# [EXERCISE DATA]
BEGIN

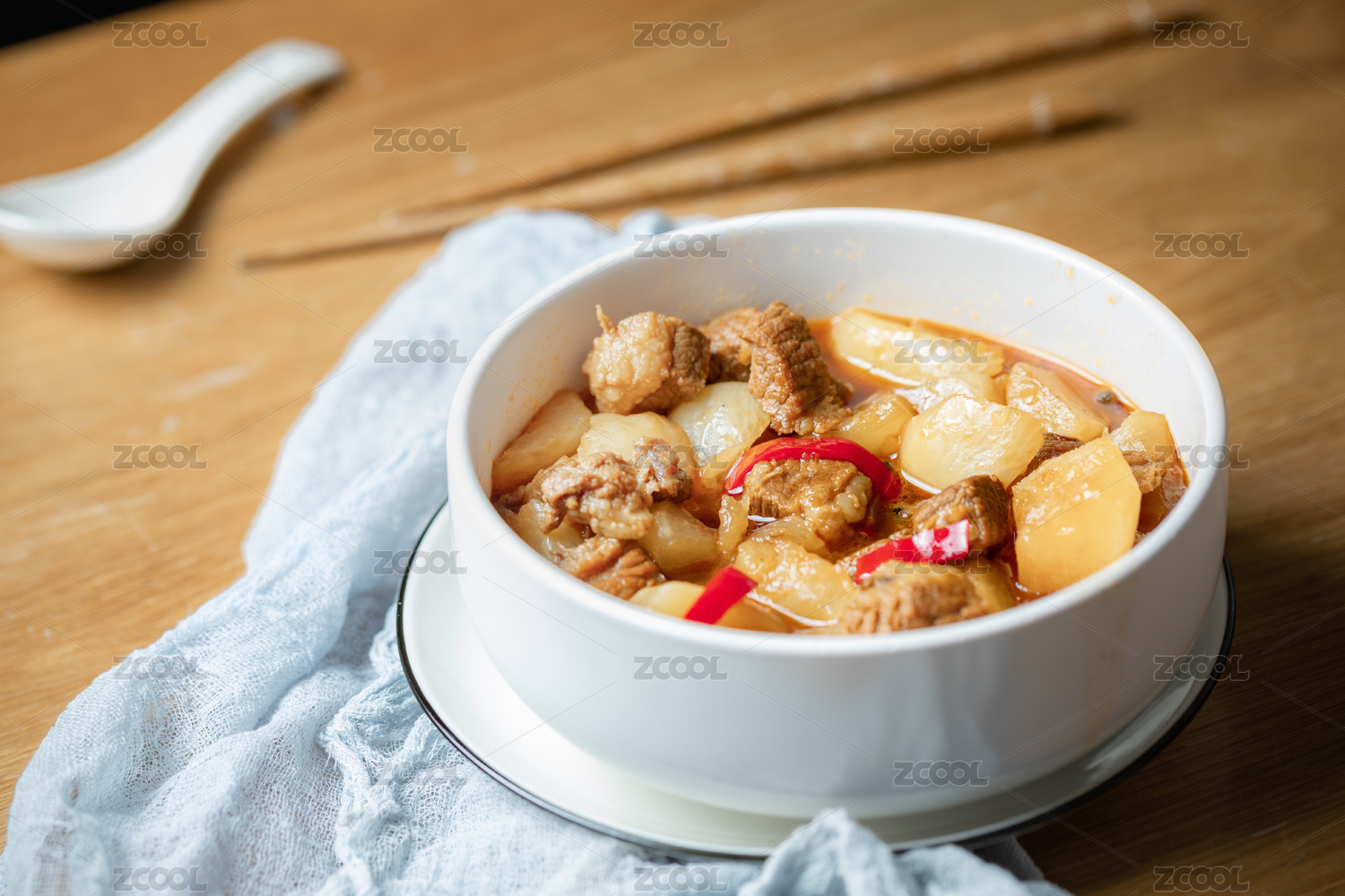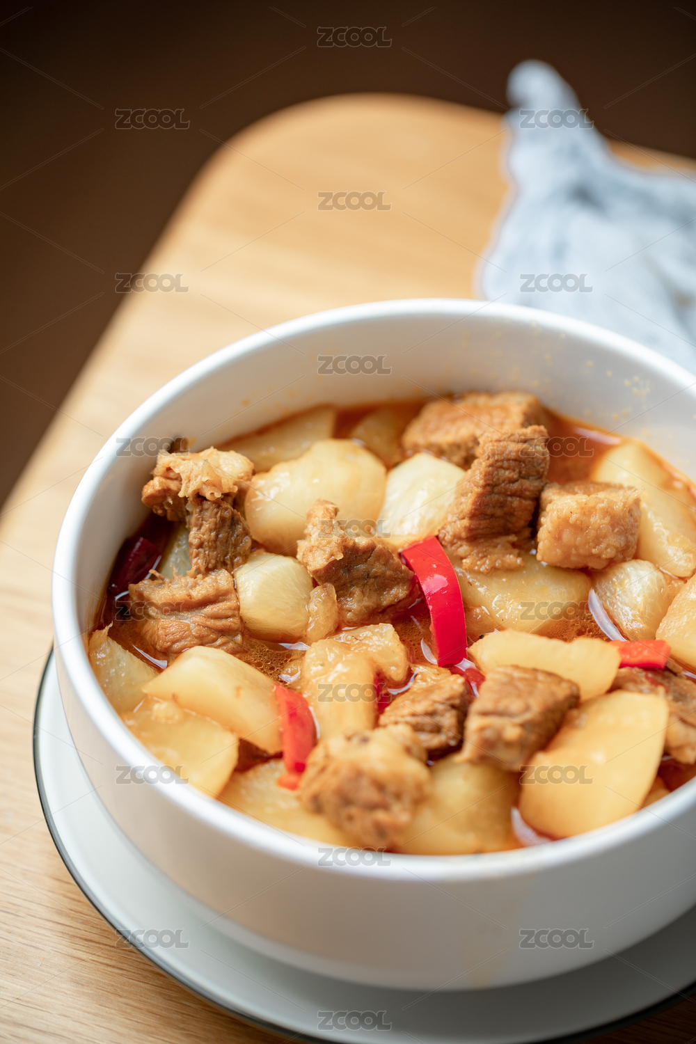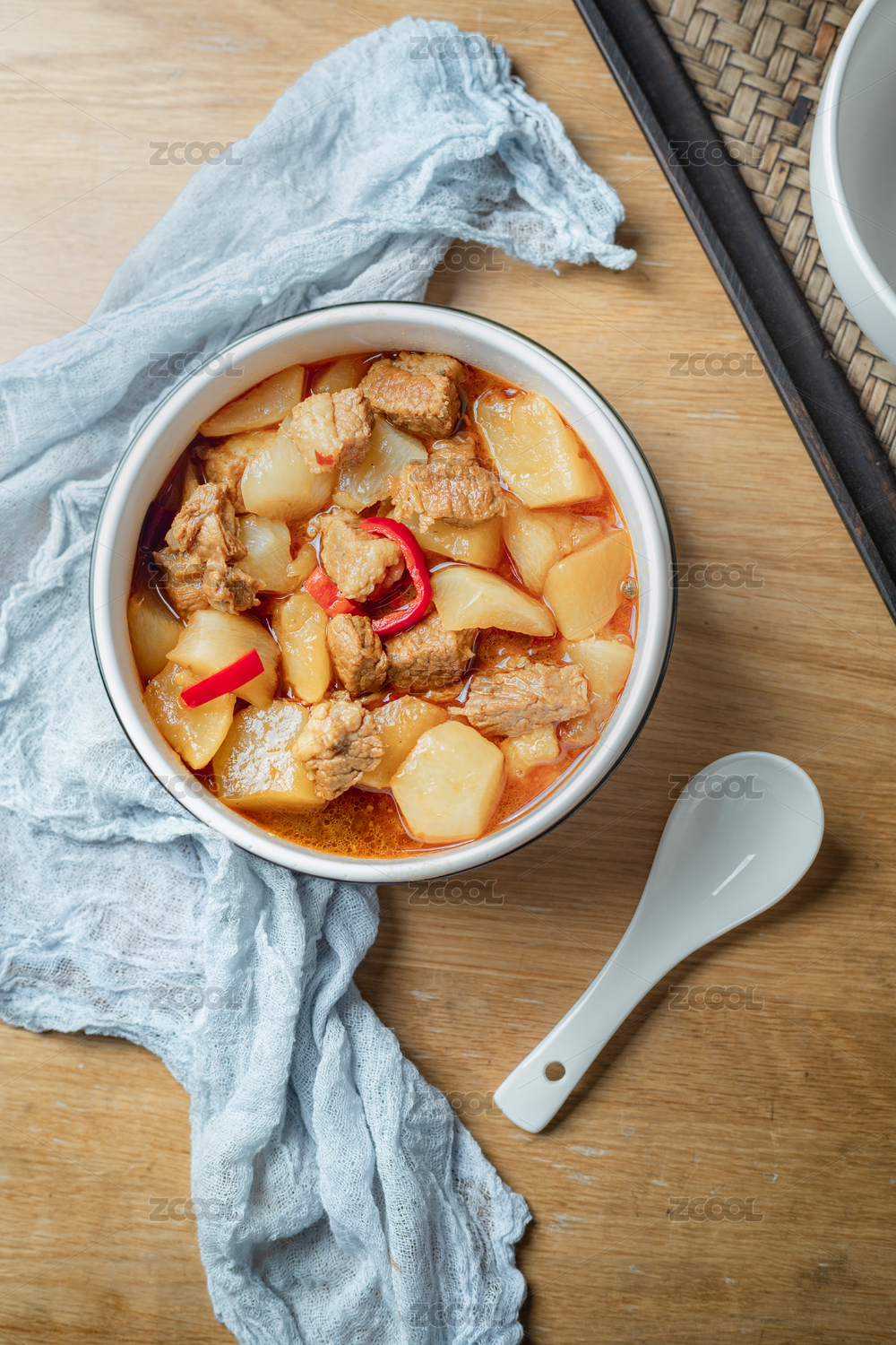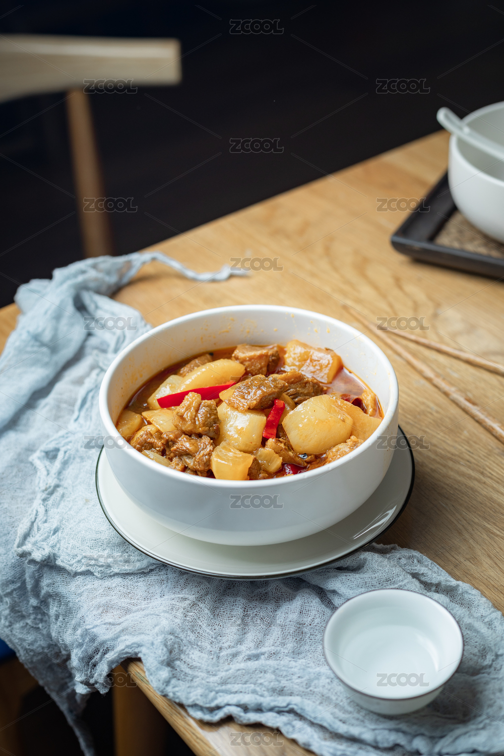 餐桌上碗里的辣椒牛腩燉蘿卜
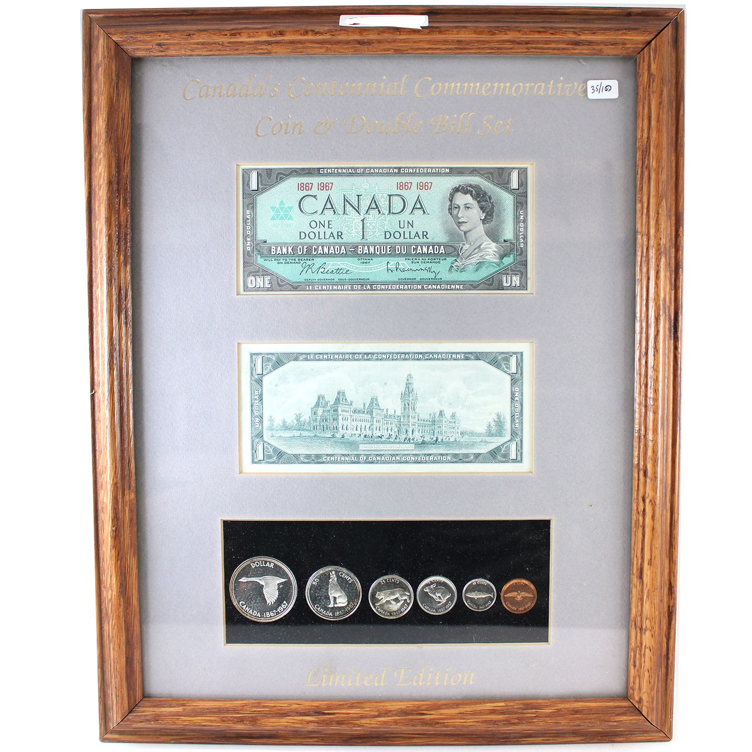 Canada's Centennial Commemorative Coin & Double Bill Set in Wooden Frame. Features an example of front and back of 1967 no serial number note and a full 6-coin 1967 year set. Taped in at the back of frame
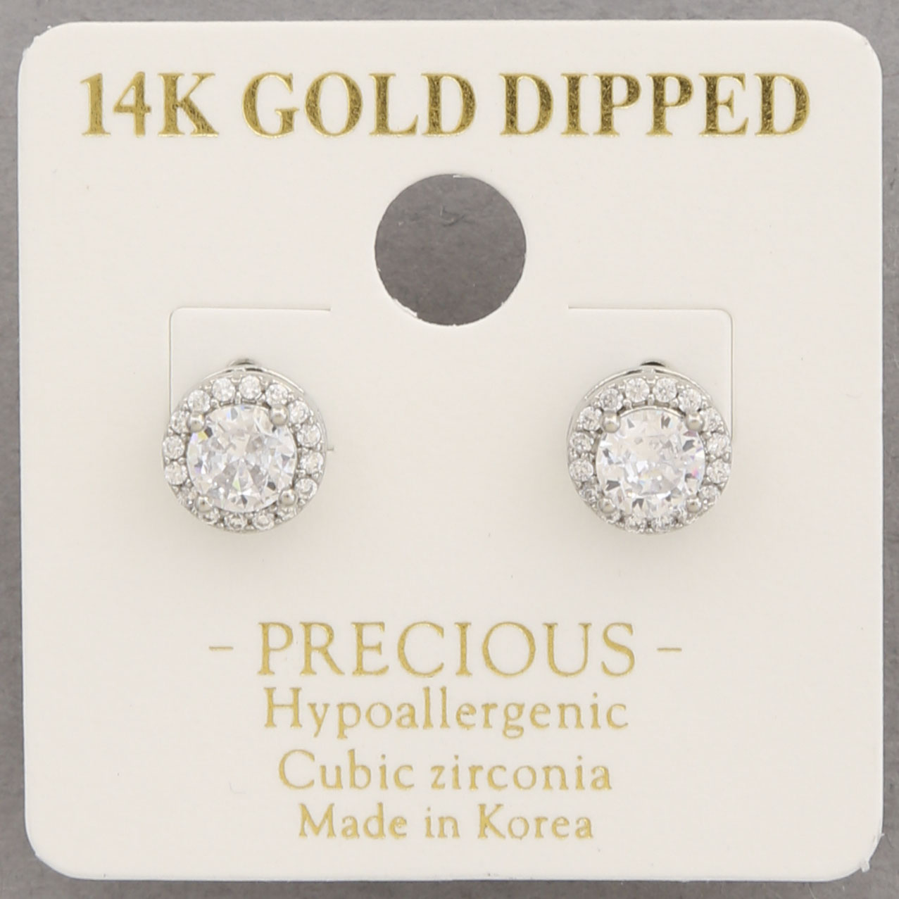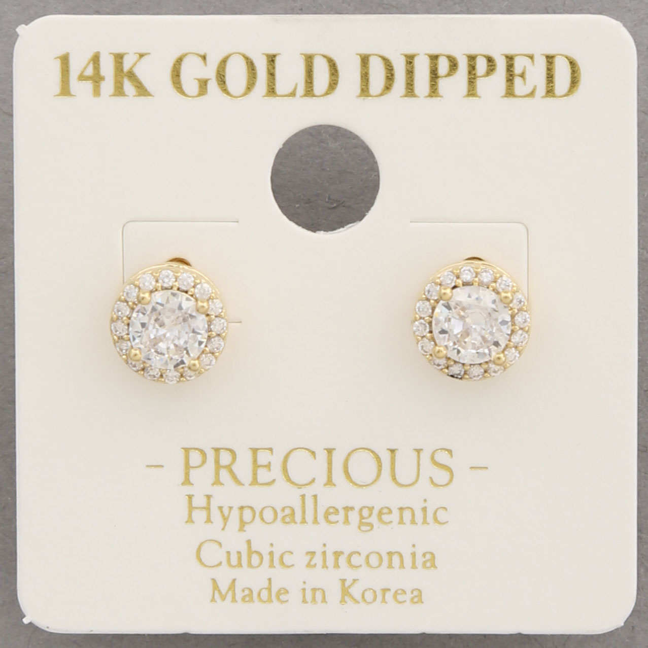 14K GOLD DIPPED ROUND CRYSTAL EARRING
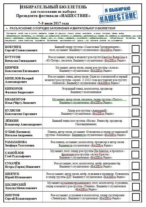 Специальный бюллетень для выборов президента «Нашествия», подготовленный ЦИК РФ, представлен публике. В списке кандидатов на пост главы рок-фестиваля — 15 артистов: наряду с Сергеем Шнуровым, Валерием Кипеловым, Юрием Шевчуком и другими рокерами в предвыборной гонке участвуют эстрадный певец Филипп Киркоров и экс-«нанаец» Владимир Левкин.

END

# [WHAT IS EXPECTED]
Make an exact copy of the listing. Leave its pictures out.

# [ANSWER FOR THE TASK]
 餐桌上碗里的辣椒牛腩燉蘿卜
 Canada's Centennial Commemorative Coin & Double Bill Set in Wooden Frame. Features an example of front and back of 1967 no serial number note and a full 6-coin 1967 year set. Taped in at the back of frame
 14K GOLD DIPPED ROUND CRYSTAL EARRING
 Специальный бюллетень для выборов президента «Нашествия», подготовленный ЦИК РФ, представлен публике. В списке кандидатов на пост главы рок-фестиваля — 15 артистов: наряду с Сергеем Шнуровым, Валерием Кипеловым, Юрием Шевчуком и другими рокерами в предвыборной гонке участвуют эстрадный певец Филипп Киркоров и экс-«нанаец» Владимир Левкин.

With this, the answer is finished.